I bet 50 on the flop. You aren't going to get paid off unless someone has an Ace with this flop. Assuming someone has an Ace, I prefer to bet out and represent a weak Ace or Queen myself. Anyone with an Ace will certainly call, and ideally raise.

If you check the flop and nobody has an Ace, it might be checked around and hands like KJ and JT get a free card.

Anyway, after betting the flop, if I'm raised, I just call. Remember, you are representing a weak Ace, so re-raising all-in is totally out of line. When the 2nd Ace hits the turn, I'd make 1/2 pot size bet into the raiser as if I have an Ace, but I don't think he does. Of course, he probably does, and will hopefully raise allin.

Let's say the 2 villians just called my bet on the flop. Now the turn is another Ace. I'd probably make a 1/2 pot size bet here into the 2 opponents. That would be about 100 (pot=220). Again, this is how some people would play a weak Ace or even a Queen. Hopefully, one of them puts all their chips in.

If they just call, the pot is 520 on the river. I'd bet 400 and see what happens (unless the board pairs, dammit).

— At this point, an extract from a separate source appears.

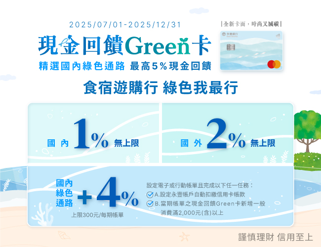 永豐 Green 卡 | 4% | 加碼4%,300/月(自動加值 7500) | 活動期間:-2025/12/31 綠色消費加碼 4%,需申辦電子化帳單完成 + 當期一般消費滿 2000 元 ➡️ 申辦永豐 Green 卡 |
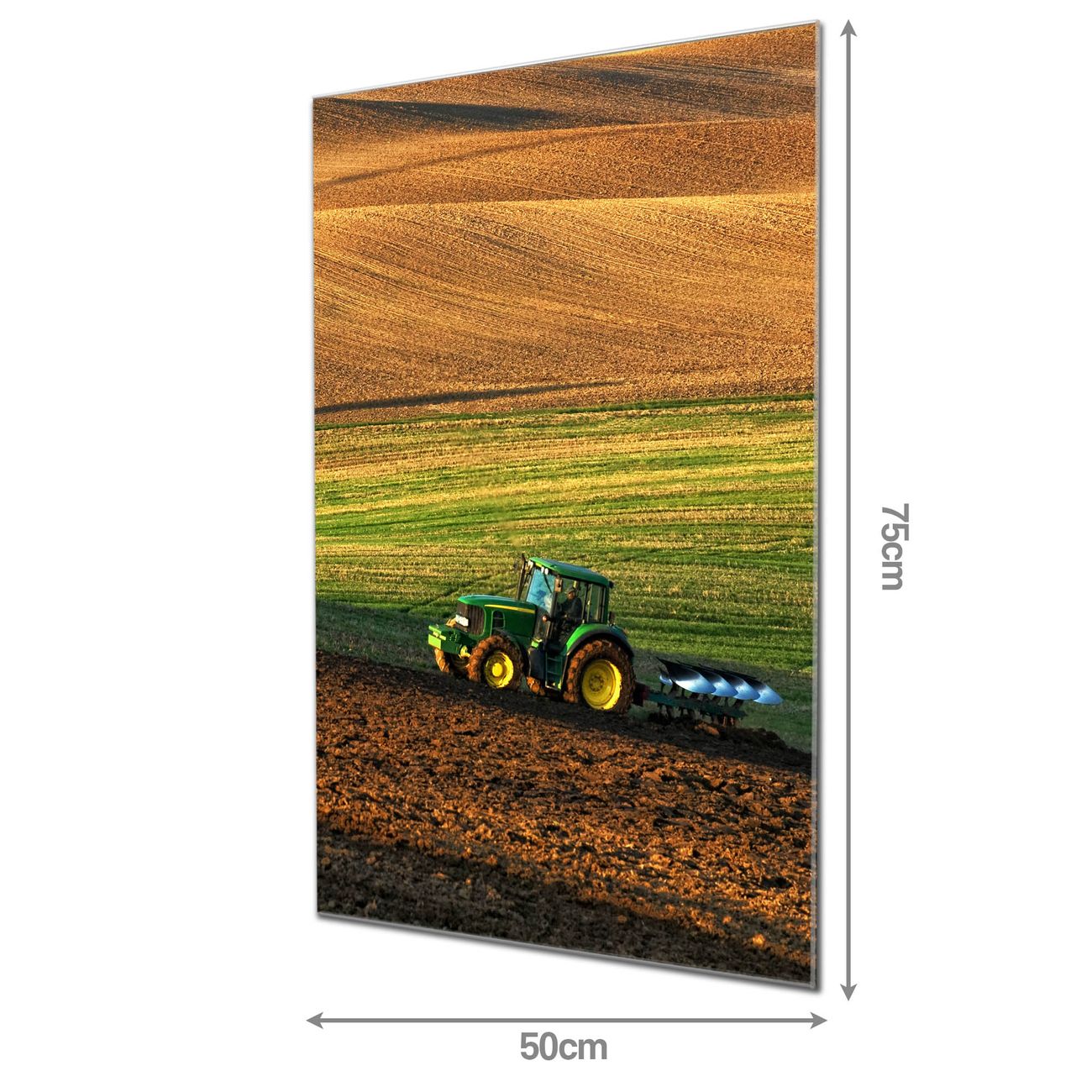 Brillantes Glasbild im Hochformat Pflügen

I just don't like the idea of always checking or checking raising with monster hands. If you check/call or it's checked around, the pot stays small. You want to build the pot so that your opponents are pot committed by the river. Betting out has the added benefit of pricing out long-shot draws.

Check raising is also not ideal. This shows great strength and raises a red flag with many players. Check raising all-in takes away all of your opponent's perceived fold equity. (Of course, they have no fold equity, but they don't know that.) You want to encourage them to raise all-in, rather than force them to call an all-in.

Maybe it's an artifact of limit play, but people love to slowplay big hands by checking the flop and then check-raising on the turn. A big checkraise into a small pot is a sure way to lose a fish that you should have hooked. A min-checkraise is a huge red flag as well.

Remember, the only way to win a big pot is if your opponent has a good hand. Don't be afraid to bet. If they have a good hand, they aren't going to fold. If the don't, they'll fold, big deal. They weren't going to pay you off anyway.